Las campanas debían colgarse dos semanas después. Hubo cierto revuelo en los periódicos, y mucho más entre los historiadores. Se planearon peregrinaciones de varias sociedades históricas a San Xavier de todo el mundo.

A la fría luz del día de la lógica, fuera de la misteriosa atmósfera del lugar, los acontecimientos inusuales durante el descubrimiento de las campanas se explicaron fácilmente. Un tipo de envenenamiento virulento, tal vez similar al roble venenoso, o algún hongo escondido en la cueva con las reliquias, fue el responsable de nuestra irritación óptica y la locura de Sarto y el mexicano. Ni Denton, Todd ni yo negamos esta explicación, pero discutimos el asunto detenidamente entre nosotros.

Denton fue tan lejos como para conducir hasta la Biblioteca Huntington para ver la traducción prohibida de Johann Negus del Libro de Iod, ese abominable y monstruoso volumen de antiguas fórmulas esotéricas sobre las que aún se aferran curiosas leyendas. Se dice que existe una sola copia del volumen original, escrita en una lengua antigua, prehumana.
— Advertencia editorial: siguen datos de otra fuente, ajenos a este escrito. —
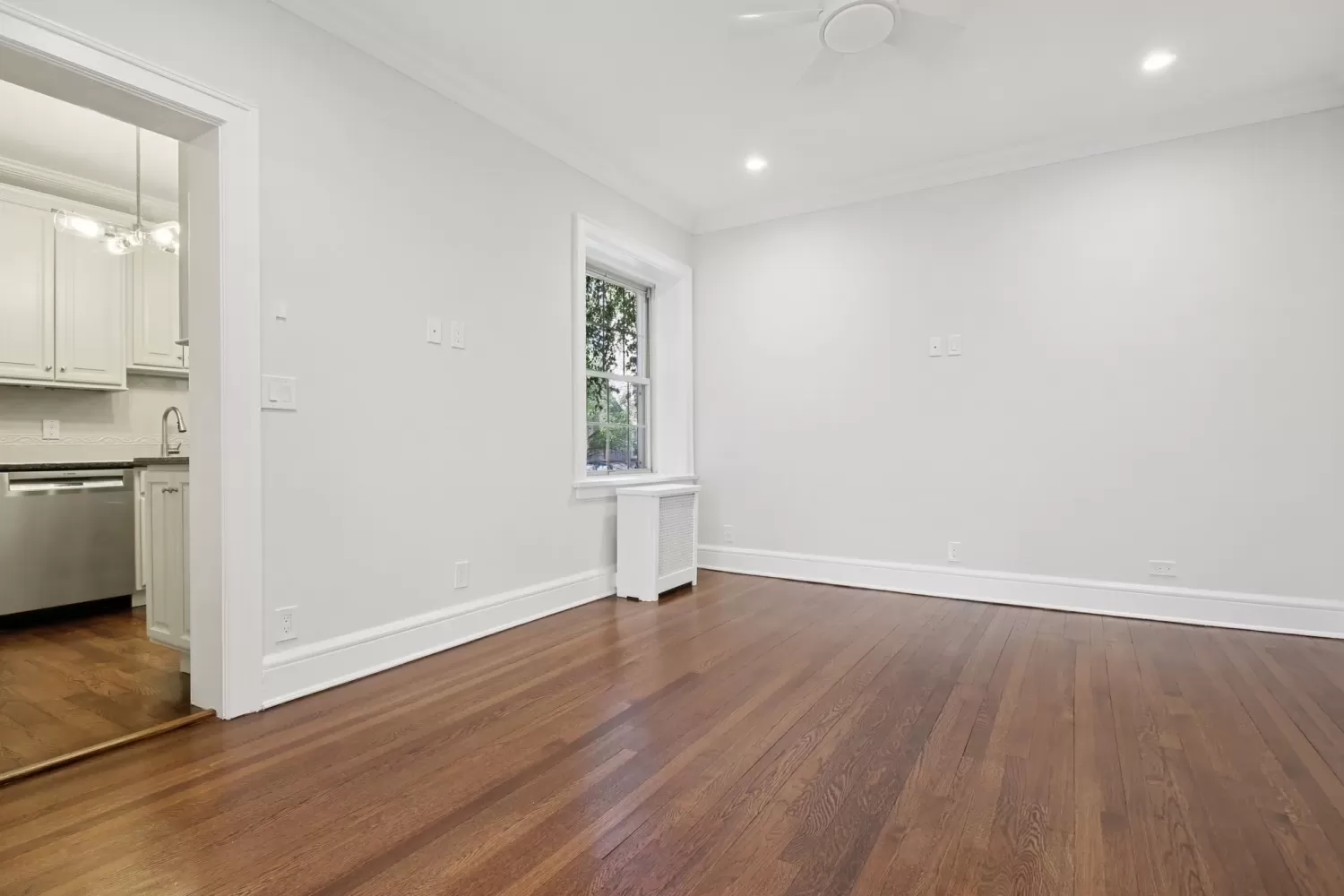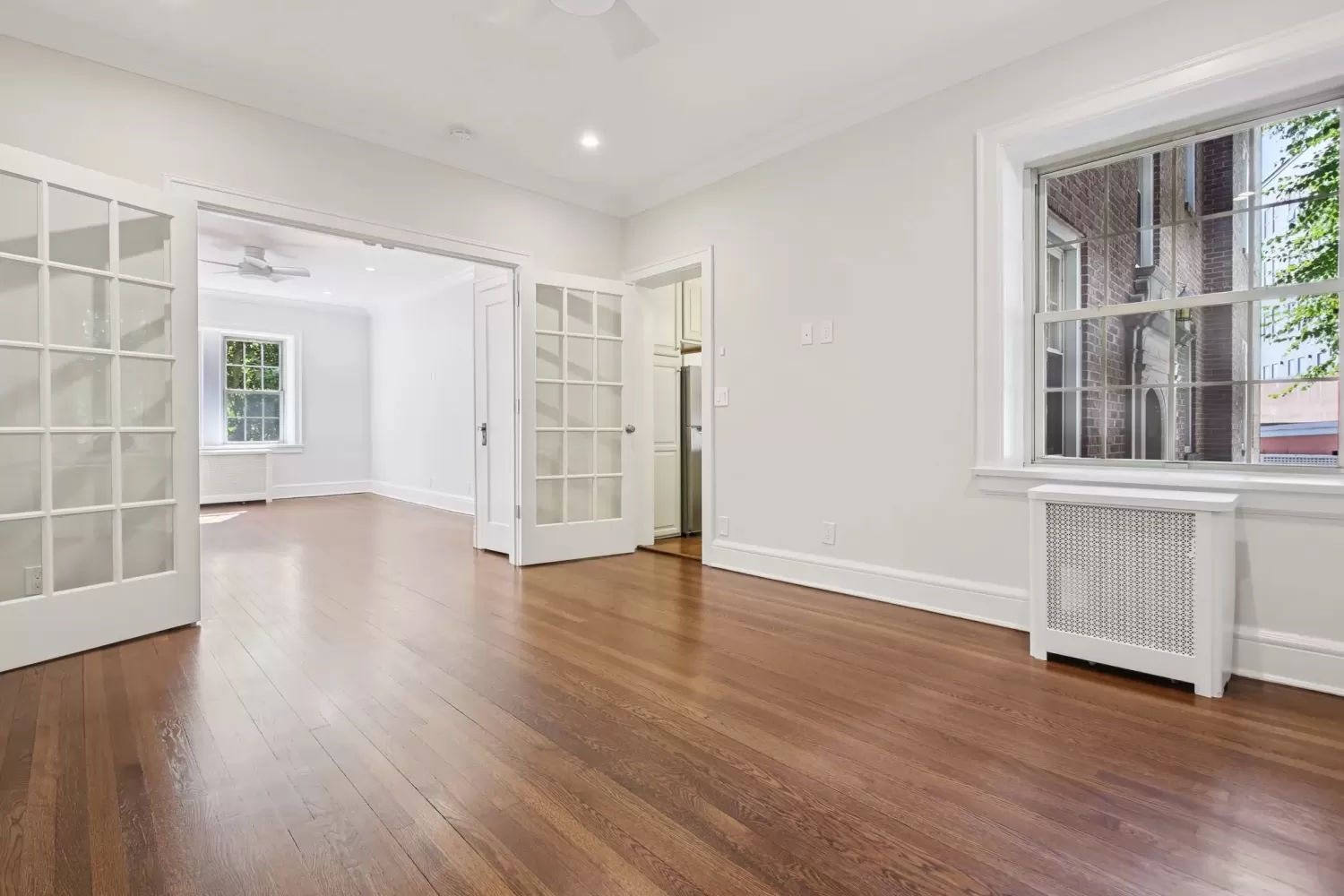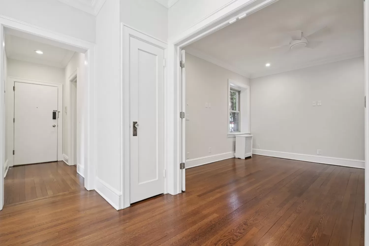 Rare first floor unit with garage parking and laundry in the building. Move in ready, recently finished hardwood floors, freshly painted throughout, updated kitchen and bathroom. Recessed lighting, updated electric. Full time Superintendent in same building. Spacious living room overlooking rear grass/patio area. Flex room w/French doors can be dining room or potential second bedroom. Only 5 steps into the unit. Exercise Room, newly renovated laundry room and dedicated storage room in the basement, in the same building. Use staircase by mailbox to access the basement. The monthly HOA fee of $1610.59 includes heat, water/hot water, taxes, building maintenance, 24/7 superintendent, trash, snow removal. See media for co-op information about the application process. 26 shares of Co-op. Co-op board must approve buyer via application process. Buyer must pay working capital contribution of 3 x monthly HOA $4,831.77 for working Capital Contribution at closing. $450 application fee. Buyer must occupy unit for 12 months before being able to rent out, subject to board approval. Up to two pets if less than 50lbs, otherwise just one. Owner is a licensed realtor.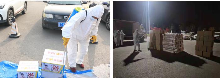 學院專人對供應物資外包裝進行集中消殺,后勤人員和教職工志愿者規范穿戴防護服迅速到達現場,有序裝車,運進校園。由于校內沒有大型運輸工具,只能用小型貨車、三輪車、小拖車,組成臨時“運輸小分隊”,各類車輛往返校門口與食堂400多次,運輸小分隊每人每天平均工作13.5小時,用雙腳打通食材供應的“最后一公里”。
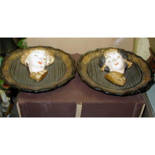 2 Black and gold trim asian ( not sure if chinese or japanese) hanging plaques with scalloped edge. A man and a woman appears to be chalkware. There is minor color loss on the fronts, but more on the back. Has a hook embedded for handing. Buyer pays shipping and handling costs.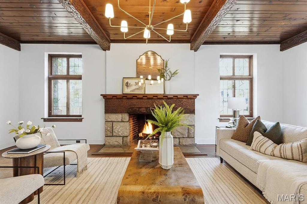 Welcome to a Masterfully Renovated Tudor Residence in Prestigious Clayton. Nestled within one of Clayton’s most sought-after enclaves, this distinguished historic Tudor has been meticulously restored to offer timeless elegance and refined living. A testament to superior craftsmanship, every detail of this home reflects pride and precision. The main level unveils a grand sunken living room—both rustic and formal in character—anchored by a magnificent hand-carved wood-burning fireplace and crowned with exposed wood beams. Adjacent, a luminous dining room opens gracefully onto a restored flagstone terrace, seamlessly connecting to the gourmet kitchen. Designed for the discerning chef, this culinary haven features premium KitchenAid appliances, quartz countertops and backsplash, a bespoke range hood, custom cabinetry, and glass-front displays. An additional sunken lounge enhances the home’s entertaining capacity, while a stately main-floor study offers a quiet retreat for work or reflection. Ascend to the second level, where the primary suite awaits—a sanctuary complete with a private dressing area, luxurious bath, and a custom walk-in wardrobe. Three additional bedrooms, two full baths, and a dedicated laundry space complete this floor with thoughtful functionality. The lower level extends the living experience with a warm and inviting recreation room, centered around a second wood-burning fireplace. Whether envisioned as a third lounge, a gentleman’s retreat, billiards room, tasting bar, or home theatre, the possibilities are endless. A finished laundry room and half bath further enhance this level’s convenience. Fresh landscaping, restored stone patio and design-forward modern 2 car carport complete this home.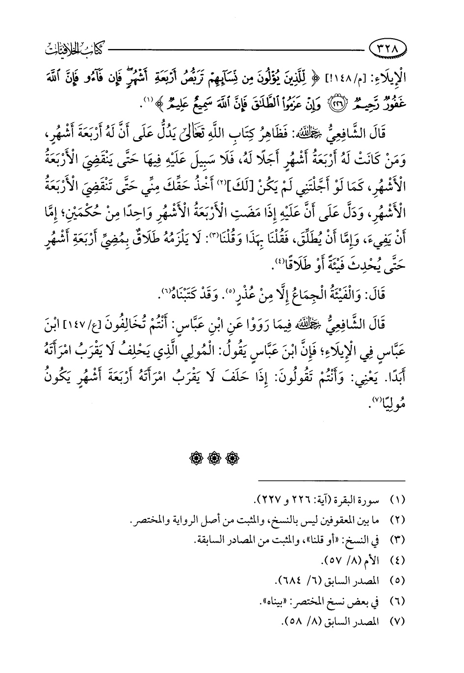 الْإِيلَاءِ: {لِلَّذِينَ يُؤْلُونَ مِنْ نِسَائِهِمْ تَرَبُّصُ أَرْبَعَةِ أَشْهُرٍ فَإِنْ فَاءُوا فَإِنَّ اللَّهَ غَفُورٌ رَحِيمٌ (226) وَإِنْ عَزَمُوا الطَّلَاقَ فَإِنَّ اللَّهَ سَمِيعٌ عَلِيمٌ} (¬1).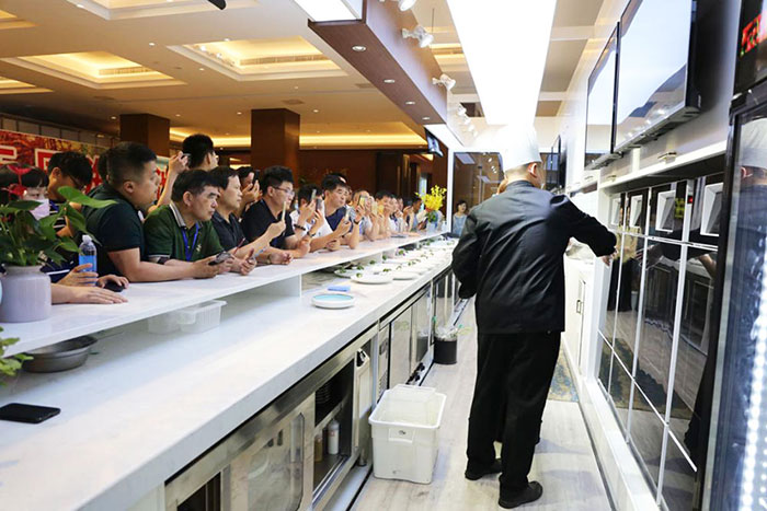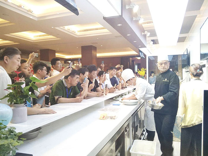 參會人員對酒店現場展出演示的味霸機器人廚師體驗館表示出了極大的興趣,紛紛圍觀拍照、咨詢體驗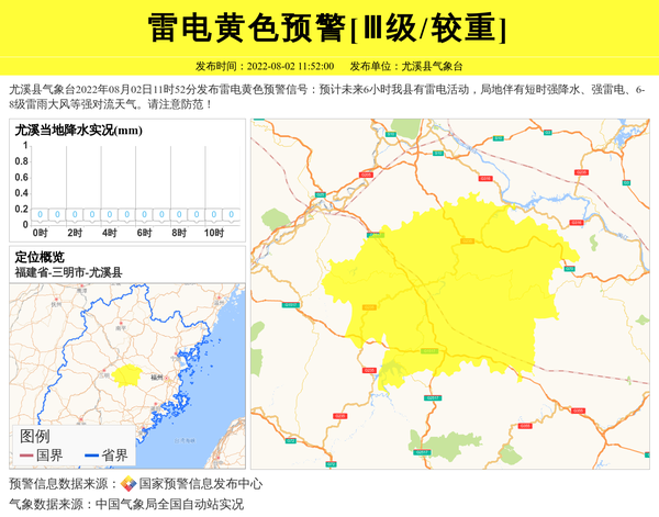 尤溪县气象台2022年08月02日11时52分发布雷电黄色预警信号:预计未来6小时我县有雷电活动,局地伴有短时强降水、强雷电、6-8级雷雨大风等强对流天气。请注意防范! 信息来源:国家预警信息发布中心; 发布单位:尤溪县气象台。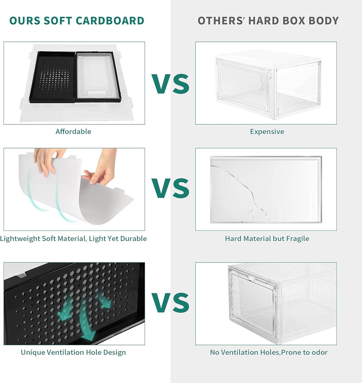 Dust-Free & Odor-Free: The shoe box is designed to keep out dust; Ventilation holes on the back cover facilitate air circulation to dissipate odors

Ciertamente, pocos saben de la traducción expurgada de Johann Negus, pero Denton había escuchado vagos rumores sobre un pasaje en el libro que declaró que podría estar relacionado con las leyendas de las campanas de San Xavier.

Cuando regresó de Los Ángeles, trajo una hoja de papel cubierta con su caligrafía execrable. El pasaje que había copiado del Libro de Iod era este:

«El Oscuro Silencioso mora en las profundidades de la tierra en la costa del Océano Occidental. Ninguno de esos Poderosos Ancianos de mundos ocultos y otras estrellas es Él, porque en la oscuridad oculta de la tierra siempre ha morado. Él no tiene nombre, porque Él es el destino final y el vacío eterno y el silencio de la Vieja Noche.

«Cuando la tierra esté muerta y sin vida, y las estrellas se apaguen, resucitará y extenderá su dominio sobre todos. Porque no tiene nada que ver con la vida y la luz del sol, sino que ama la oscuridad y el eterno silencio del abismo. Sin embargo, ¿puede ser llamado a la superficie de la tierra antes de Su tiempo, y los hombres oscuros que habitan en la costa del Océano Occidental tienen el poder de hacerlo mediante hechizos antiguos y ciertos sonidos de tonos profundos que alcanzan Su morada más abajo.

«Pero existe un gran peligro en tal convocatoria, no sea que Él esparza la muerte y la noche antes de Su tiempo. Porque Él trae oscuridad en el día, y negrura en la luz; toda vida, todo sonido, todo movimiento pasa en su venida. A veces viene dentro del eclipse, y aunque no tiene nombre, los hombres oscuros lo conocen como Zushakon».

—Faltaban páginas en este punto —dijo Denton, cuando levanté la vista del extracto—. El libro está expurgado, ya sabes.

—Es muy extraño —dijo Todd, levantando el papel y pasando los ojos sobre él—. Pero, por supuesto, es simplemente una coincidencia. Ciertamente, dado que el folklore se basa en fenómenos naturales, generalmente se pueden encontrar paralelos. Los rayos de Jove y las flechas de Apolo son simplemente relámpagos y rayos solares.

Nunca sobre ellos el sol brillante mira hacia abajo con sus rayos —recitó Denton en voz baja—. Pero la noche mortal se extiende sobre estos hombres desventurados. ¿Recuerdas la visita de Odiseo a la Tierra de los Muertos?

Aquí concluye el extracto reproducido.